For the week of May 19, 1999  thru May 25, 1999  

Great game, great finish send Wolverines to state

Salsa! Wood River outlasts Buhl 14-13 for baseball title


By JEFF CORDES
Express Staff Writer

What a baseball battle!

And what a satisfying finish for the long-beleaguered supporters of Wood River High School baseball!

Jabbing like heavyweights and never quitting until the final bell, the Wood River and Buhl high school baseball teams jockeyed back-and-forth through seven innings of high drama last Wednesday.

Fans rocked the rafters at Hailey’s Founders Field. The biggest crowd in Wood River baseball history saw the biggest and most exciting game ever played by the Wolverines.

In its last at-bat, Wood River won 14-13 for the first district tournament championship in school history.
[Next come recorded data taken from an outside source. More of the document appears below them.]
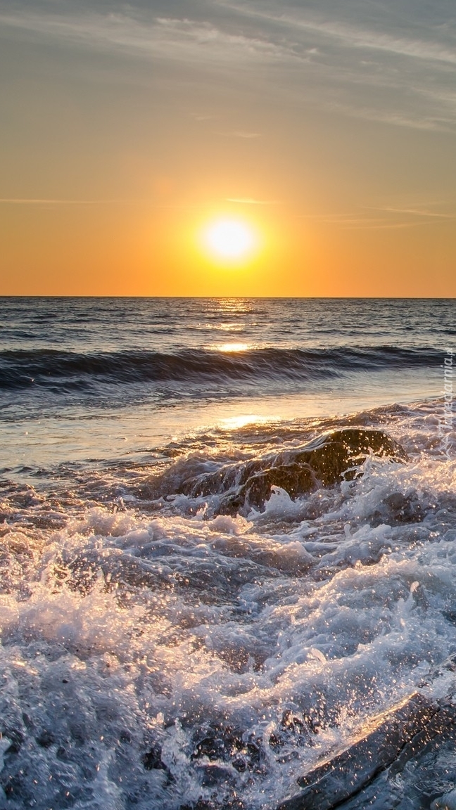 Edytor tapety: Wschód słońca nad falującym morzem
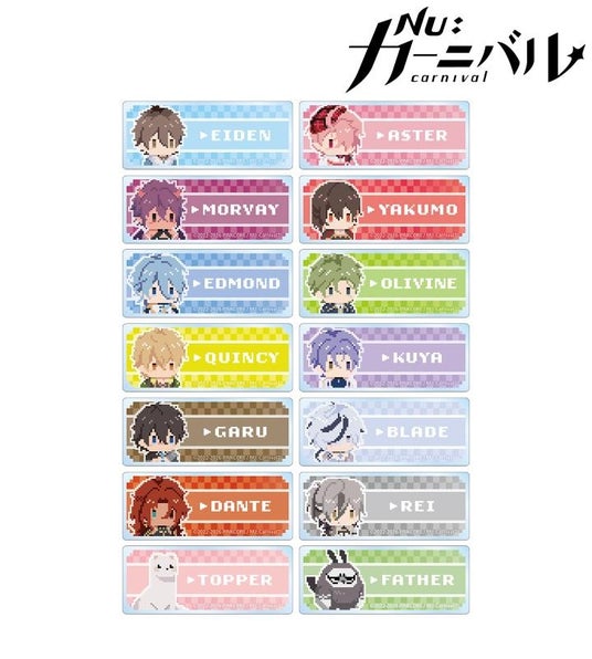 エイト、エスター、モルフィス、八雲、エドモンド、オリビン、ケシー、玖夜、ガル、ブレイド、エンテン、レイ、トパ、親父の描き起こしドット風ちびキャライラストをメインにデザインし、アクリルネームプレートに仕上げました。
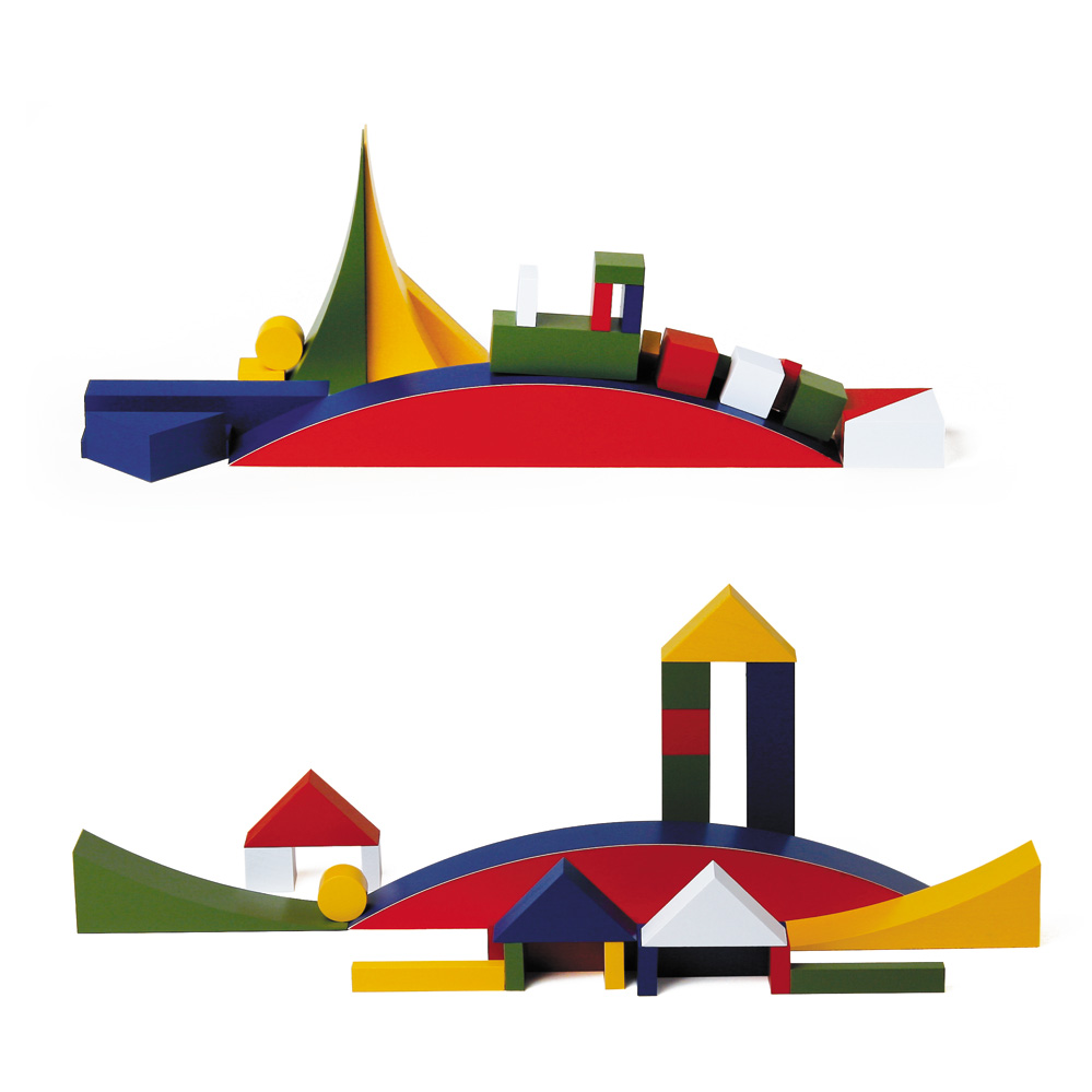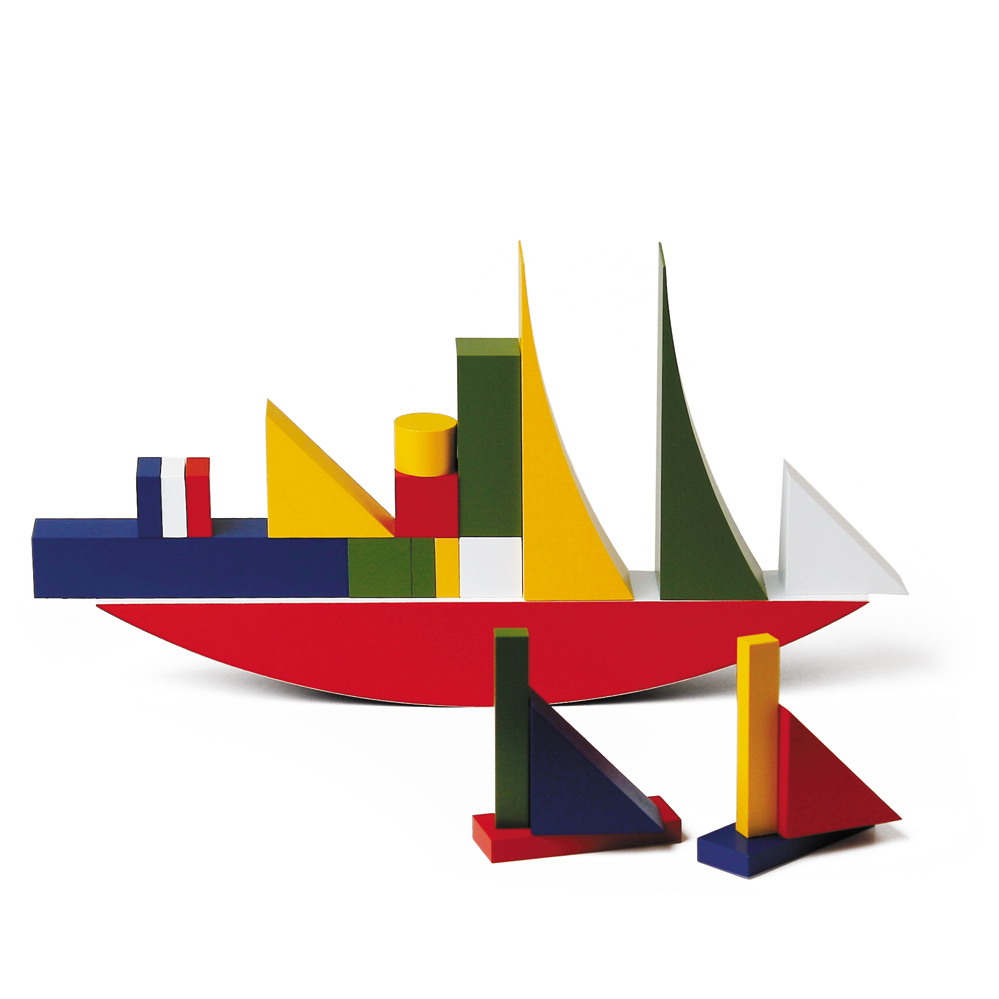 1924 entwarf Alma Siedhoff-Buscher in der Bauhaus-Werkstatt in Weimar im Rahmen des kunstpädagogischen Konzeptes dieses Bauspiel. Es wurde erstmalig als Teil des Kinderzimmers im Bauhaus Musterhaus „Haus am Horn“ 1923 in Weimar gezeigt (heute UNESCO-Weltkulturerbe). Die Spielobjekte des Bauhauses waren aus Holz und in kräftigen Farben gehalten, um die Phantasie anzuregen und um das Vorstellungsvermögen zu schärfen. Mit den beliebig zusammensetzbaren Bauklötzen lassen sich Schiffe, Häuser oder Phantasiegebilde bilden. „bauspiel: ein schiff - das auch eine berg und talbahn, ein tor, ein tier und vieles sonst noch sein kann.” so Alma Siedhoff-Buscher damals über ihren vielbeachteten Entwurf in der typischen Bauhaus-Kleinschreibung.
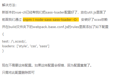 但是在我这还是不行。 最后我降低了sass—loader的版本。 直接npm安装的是8.0.0的版本,最后我装了7.3.1版本 #npm install sass-loader@7.3.1 --save-dev 然后在装一次sass #npm install --save-dev node-sass 因为sass依赖loader 最后解决该问题!!!
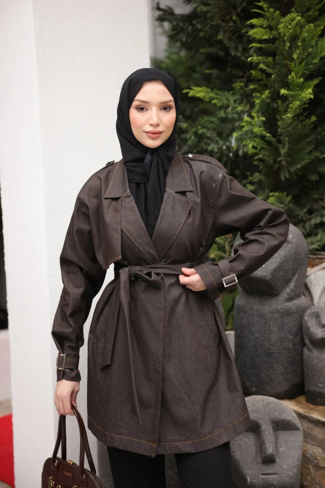 * Ürün Detay : Ceketin en dikkat çekici özelliği, taba tonlarındaki belirgin dikişleri. Bu detay, ceketin kalıbını vurgularken tasarıma modern ve endüstriyel bir hava katıyor.Omuzlardaki apoletler ve kollardaki metal tokalı kemer detayları, geleneksel tarzdan ilham almış.Geniş yakalar ve beldeki kuşak, kullanıcıya silüetini ayarlama imkanı tanıyor. Kuşağın bu şekilde bağlanması, ceketin formunu daha kadınsı bir hatta taşıyor.
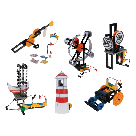 • С чудесния комплект детето ще може да сглоби 17 различни модела, които ще се задвижват с електричество;
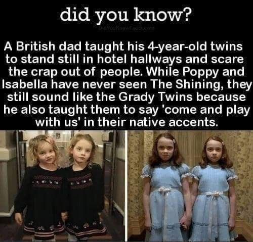 Meet Poppy and Isabella, two sweet 4-year-old twins from Britain whose dad came up with a delightfully spooky idea. Without ever watching The Shining, these little sisters learned to stand perfectly still in hotel hallways, reciting in their innocent British accents: “Come and play with us.”
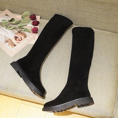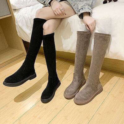 【3日以内出荷】厚底シューズ ブーツ 2023 新作 スエード ストレッチ フラット ロング マーティンブーツ トール レディース 韓国
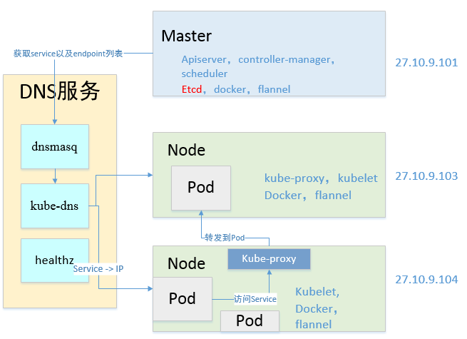 如下是我的集群部署策略,1个master + 2个node(minion1.2之前的叫法)。我的存储集群etcd是单点集群,不推荐此做法,你懂得,哈哈。网络使用的是flannel虚拟二次网络。
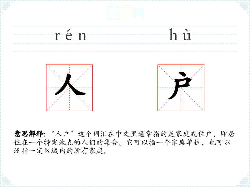 “人户”这个词由“人”和“户”两个字组成,其中“人”指个体,“户”指家庭或门第。这个词在中文中的使用历史悠久,基本含义没有太大变化。
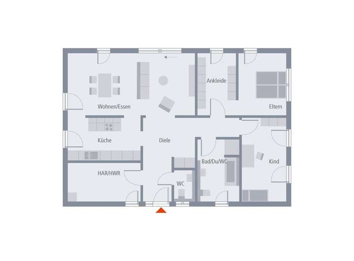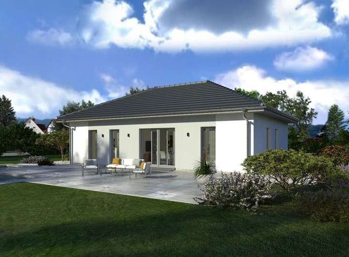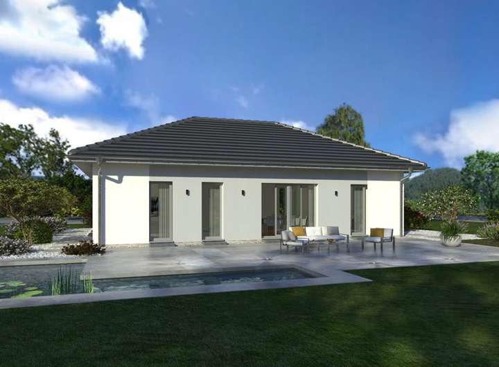 Unser Bungalow 1 Walmdach bietet auf einer Wohnfläche von 107 m² alles, was die Kleinfamilie zum Wohnen und Wohlfühlen benötigt. Das kombinierte Wohn-Ess-Zimmer ist großzügig geschnitten und dank drei Glastüren zum Garten hin schön hell. Auch die vom Esszimmer türlos zugängliche Küche bietet genügend Platz und Tageslicht. Der angrenzende, 10 m² große Hauswirtschaftsraum ist auch direkt von außen betretbar und hat dadurch gleich in doppelter Hinsicht einen praktischen Nutzen: Einkäufe können auf diese Weise direkt versorgt werden und die Wohnräume bleiben von möglichen Schmutzschuhen verschont. Der ebenfalls geräumige Flur verbindet den Wohnbereich des Hauses mit den privaten Rückzugsorten: dem Bereich der Eltern mit Schlafzimmer und angeschlossener Ankleide und einem lichtdurchfluteten Kinderzimmer. Ein voll ausgestattetes Bad mit Badewanne und Dusche sowie ein Gäste-WC runden das Angebot ab.

"Salsa!" shouted the Wolverines in their rallying cry, drowning out seven years of baseball disappointments.

Clutch hits. Long home runs. Unlikely rallies. Startling drag bunts. A total 37 hits. And 27 runs. Rivals refusing to give an inch. Runners constantly in scoring position. Pitchers sweating bullets.

And one miracle catch.

Wood River left fielder Max Paisley—retreating, turning his back to the ball and finally diving, total extension, at the warning track—robbed Buhl’s best player, Aric Reynolds (4-for-5) with the bases loaded and two outs and the score tied 13-13 in the seventh.

Wood River coach Lars Hovey said, "I thought it was a grand slam homer, or at least a triple. Three runs anyway. But Max’s catch gave us a chance to win it."

It meant, after two-plus hours of crackling, relentless offense, that Wood River needed one run for the win.

"We need you on base," ordered Hovey to his leadoff hitter before marching out to the third-base coaching box.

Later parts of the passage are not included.